Under this line are the records; repeat exactly the lines starting at the one containing "高跟法式黑色瘦瘦長筒騎士靴女鞋2025新款秋冬季氣質尖頭復古長靴" and ending at the one containing "Trình bày cấu", omitting pictures.

== Records to use ==
- - -
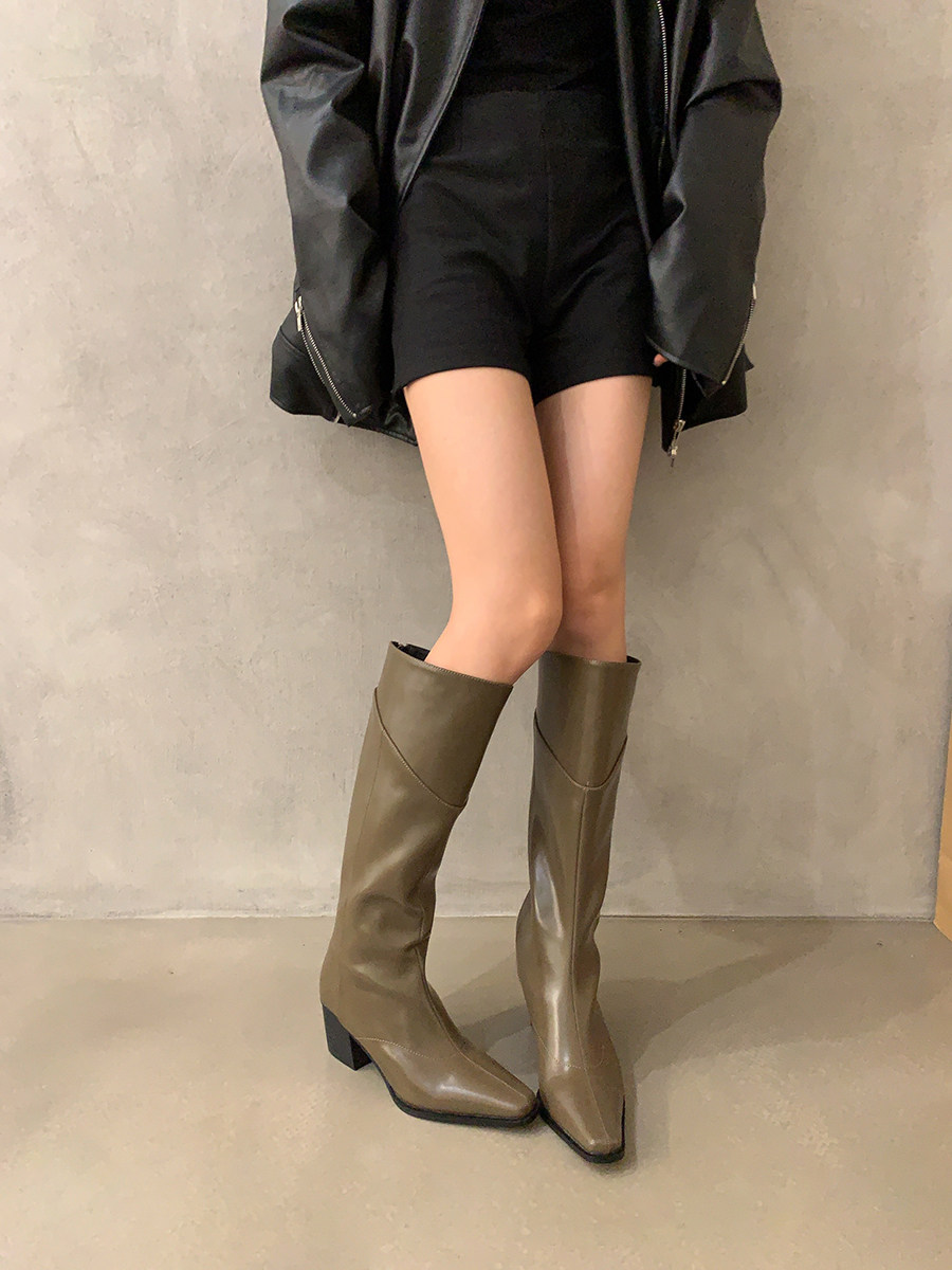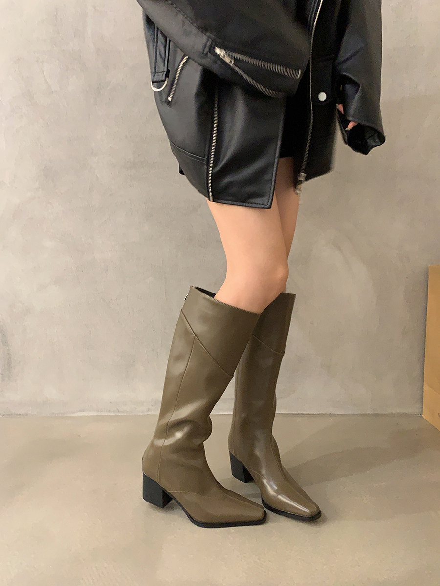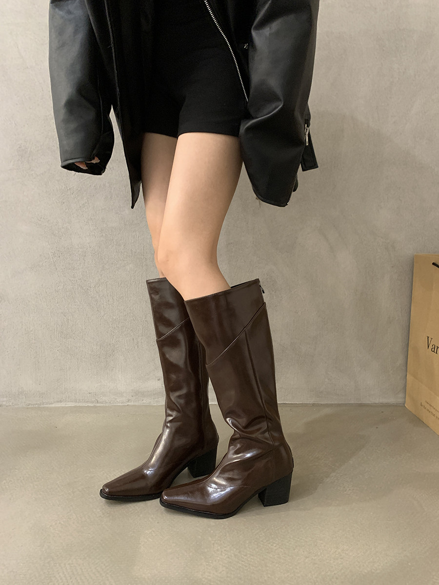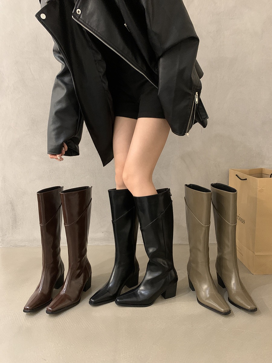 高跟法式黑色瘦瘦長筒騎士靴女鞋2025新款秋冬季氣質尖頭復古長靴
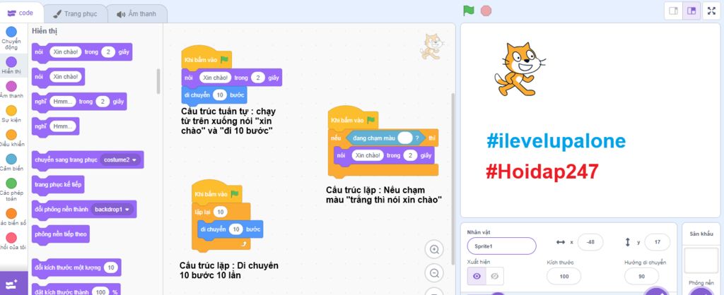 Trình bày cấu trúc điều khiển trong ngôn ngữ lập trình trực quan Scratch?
- - -
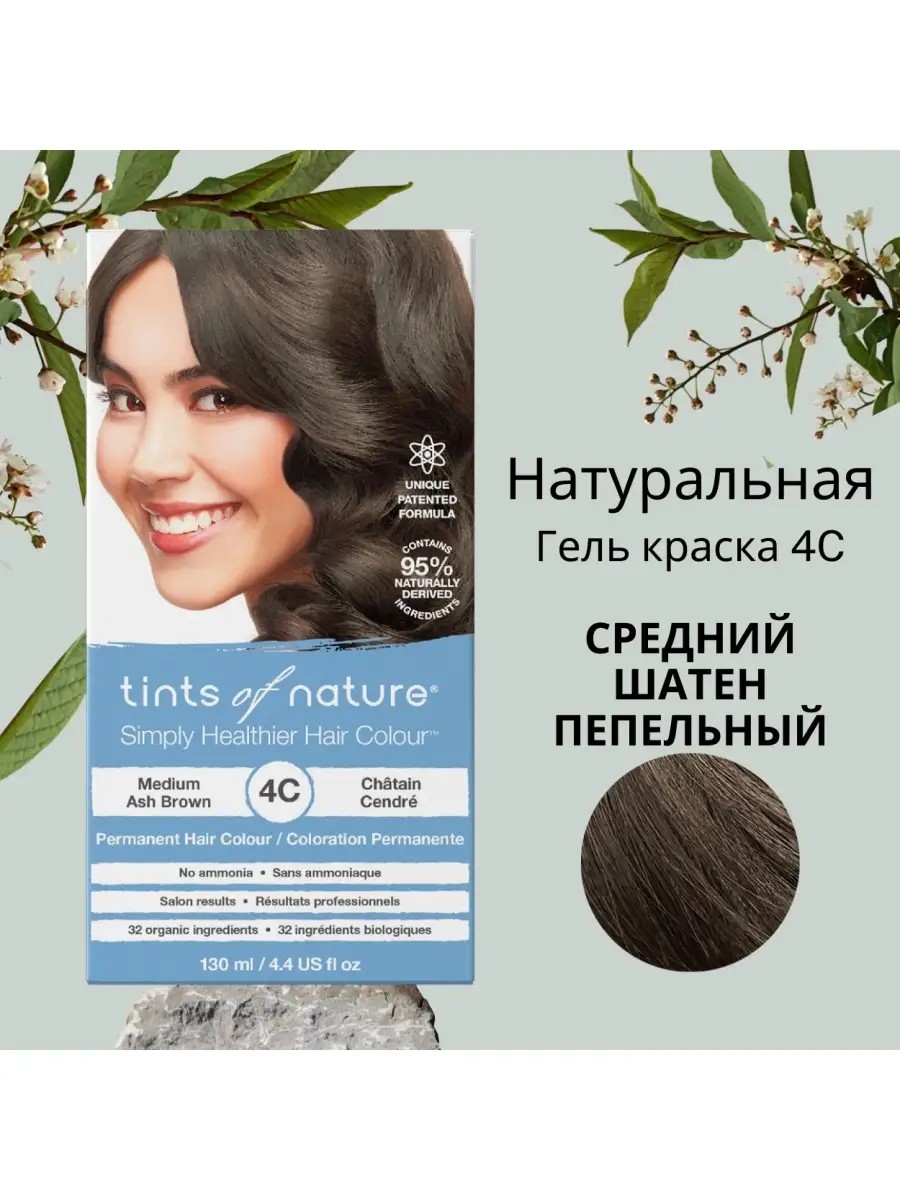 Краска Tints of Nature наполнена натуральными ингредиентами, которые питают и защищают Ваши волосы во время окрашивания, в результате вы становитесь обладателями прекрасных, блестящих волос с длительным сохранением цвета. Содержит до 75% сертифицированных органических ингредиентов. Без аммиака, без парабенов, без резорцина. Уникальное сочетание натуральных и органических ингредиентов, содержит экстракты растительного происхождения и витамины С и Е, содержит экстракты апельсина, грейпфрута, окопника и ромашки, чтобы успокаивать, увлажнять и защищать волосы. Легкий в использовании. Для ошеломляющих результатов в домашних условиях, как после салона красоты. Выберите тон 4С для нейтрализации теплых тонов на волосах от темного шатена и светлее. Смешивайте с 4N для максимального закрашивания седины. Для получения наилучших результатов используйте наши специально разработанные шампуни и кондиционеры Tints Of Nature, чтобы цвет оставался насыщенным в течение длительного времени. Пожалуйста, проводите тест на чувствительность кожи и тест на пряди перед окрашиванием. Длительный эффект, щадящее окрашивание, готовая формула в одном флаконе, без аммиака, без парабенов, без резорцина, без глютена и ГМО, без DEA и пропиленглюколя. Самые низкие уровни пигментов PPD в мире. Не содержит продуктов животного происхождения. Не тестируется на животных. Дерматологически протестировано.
- - -
== Solution for this exercise ==
 高跟法式黑色瘦瘦長筒騎士靴女鞋2025新款秋冬季氣質尖頭復古長靴
 Trình bày cấu trúc điều khiển trong ngôn ngữ lập trình trực quan Scratch?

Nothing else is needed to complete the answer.